Work to complete:
Return the lines of the data below starting at the one holding "The TTCI is" and ending at the one holding "Figure 1: The logo of AAMAS 2025", word for word, leaving every picture out.

Material for the task:
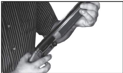
Pull the bolt handle to open the gun, as shown.
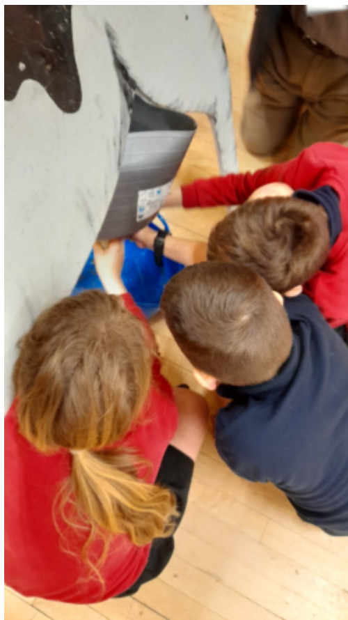
Year 5 pupils try their hand at 'milking' in the classroom
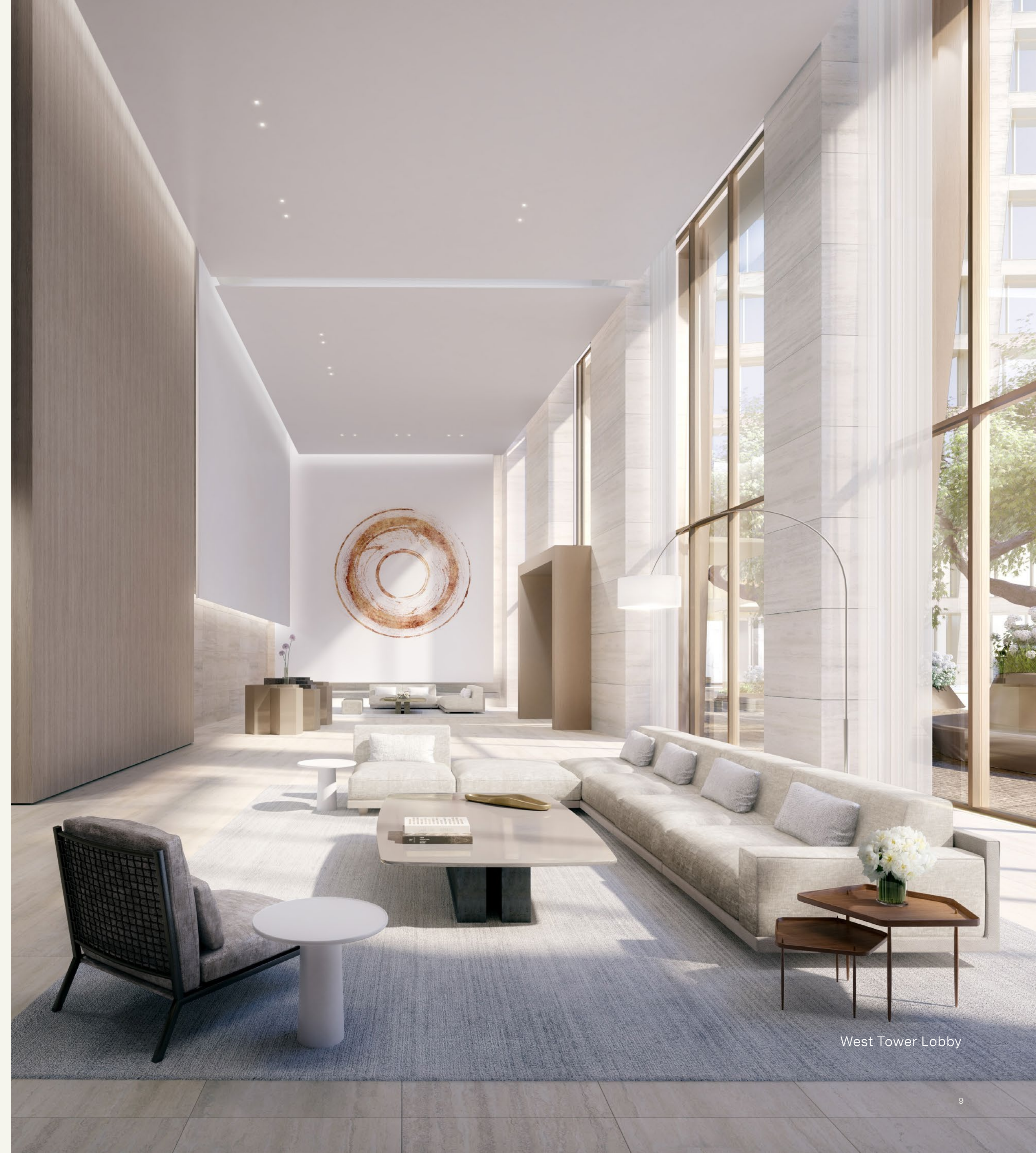
West Tower Lobby
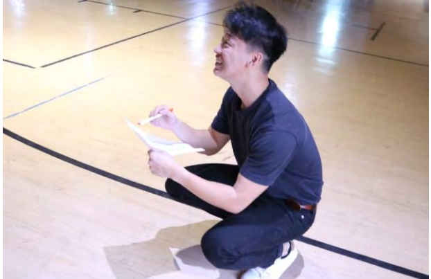
After dinner, there was a reflective activity where participants were given an opportunity to reflect on their challenges and write an anonymous letter to God, and then respond anonymously to someone else's letter. Many people were able to gain deep insights and hope to overcome struggles they were facing.
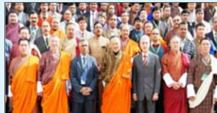
International Conference on Accelerated Development of Hydropower in Bhutan - Opportunities & Challenges on 16-18 November 2010, Thimphu Bhutan.
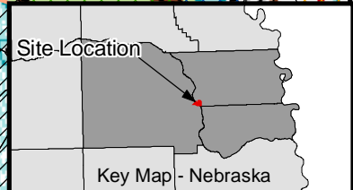
Figure 4-9 Topographic Map, Soil Survey, and NWI Map of the Douglas County Well Field Mitigation Site Metropolitan Utilities District

Source: USGS 7.5-Minute Quad for Wann, NE; USFWS NWI Data, & USDA NRCS Soil Survey Geographic (SSURGO) Data
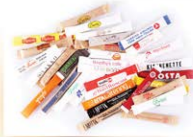
CUSTOMIZED PRODUCTS (TOOTHPICKS, SUGAR SACHETS, MILK POWDER ETC)
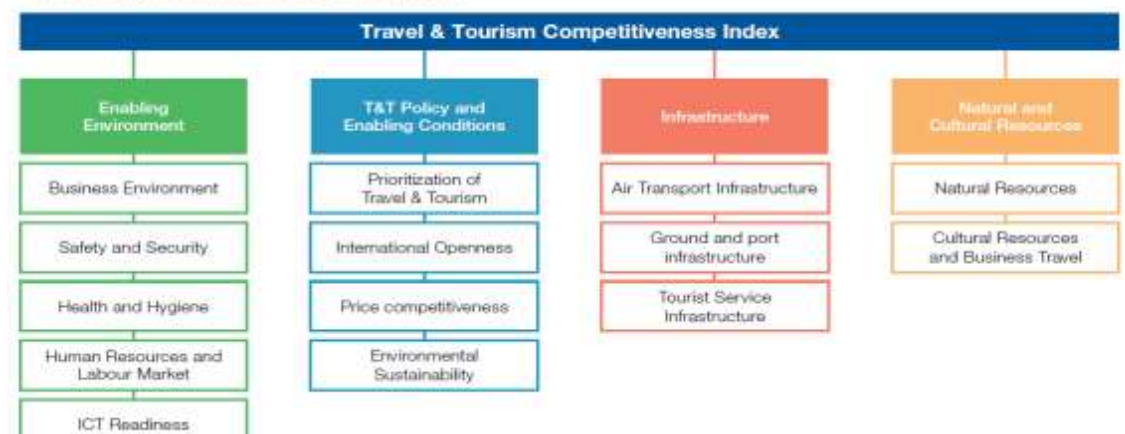
Figure 1: The T&T competitiveness Index 2017 framework

The TTCI is structured into four sub-indexes, 14 pillars, and 90 individual indicators. The subindexes of the Index are as follows: (1) The Enabling Environment sub-index; (2) The T&T Policy and Enabling Conditions sub-index (3) The Infrastructure sub-index and (4) The Natural and Cultural Resources sub-index.Each of these sub-indexes is built up by a number of pillars of T&T competitiveness which are in turn divided into indicators (Fig. 1)(T&T Competitiveness Report, 2017). These indexes can be used by tourism stakeholders and policy makers of the tourism destinations to assess their destination competitiveness in comparison to other competitive destinations and hereby find solutions to enhance their competitive capabilities to attract more tourists.
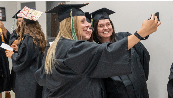
Students gather to take a selfie as they prepare for Lincoln Trail College's graduation ceremony.
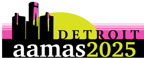
Figure 1: The logo of AAMAS 2025

Use the ‘figure’ environment for figures. If your figure contains third-party material, make sure to clearly identify it as such. Every figure should include a caption, and this caption should be placed below the figure itself, as shown here for Figure 1.
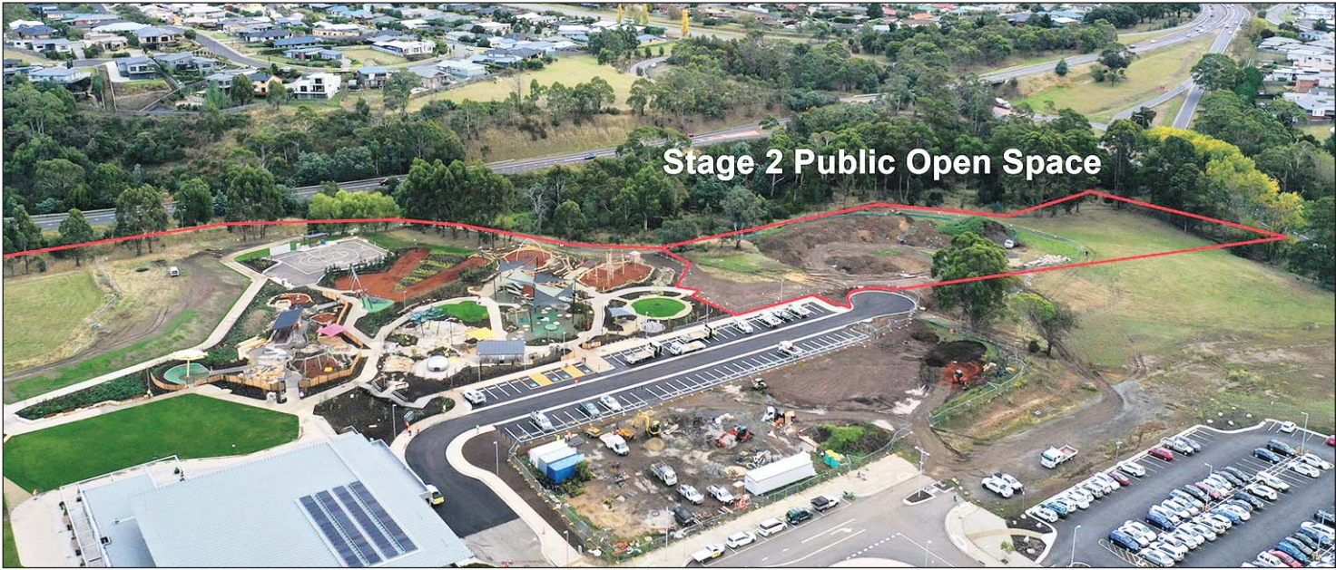
Construction has commenced at Kingston Park for Stage 2 of the public open space. MS Civil Pty Ltd are the contractors for the project, with Stage 2 provid- ing more open areas, dedicated spaces for larger events, bike riding and exercising. Kingborough Council expects Stage 2 to be finalised by mid-2022. (PS)

Kingborough Chronicle is distributed by local contractors into mail boxes every week, commencing on Tuesdays with a total of 4,100 copies. 5,200 copies are delivered to the businesses listed above. PLEASE NOTE: Areas that are not accessible by footpaths will not have mailbox delivery.

Output for this exercise:
The TTCI is structured into four sub-indexes, 14 pillars, and 90 individual indicators. The subindexes of the Index are as follows: (1) The Enabling Environment sub-index; (2) The T&T Policy and Enabling Conditions sub-index (3) The Infrastructure sub-index and (4) The Natural and Cultural Resources sub-index.Each of these sub-indexes is built up by a number of pillars of T&T competitiveness which are in turn divided into indicators (Fig. 1)(T&T Competitiveness Report, 2017). These indexes can be used by tourism stakeholders and policy makers of the tourism destinations to assess their destination competitiveness in comparison to other competitive destinations and hereby find solutions to enhance their competitive capabilities to attract more tourists.
Students gather to take a selfie as they prepare for Lincoln Trail College's graduation ceremony.
Figure 1: The logo of AAMAS 2025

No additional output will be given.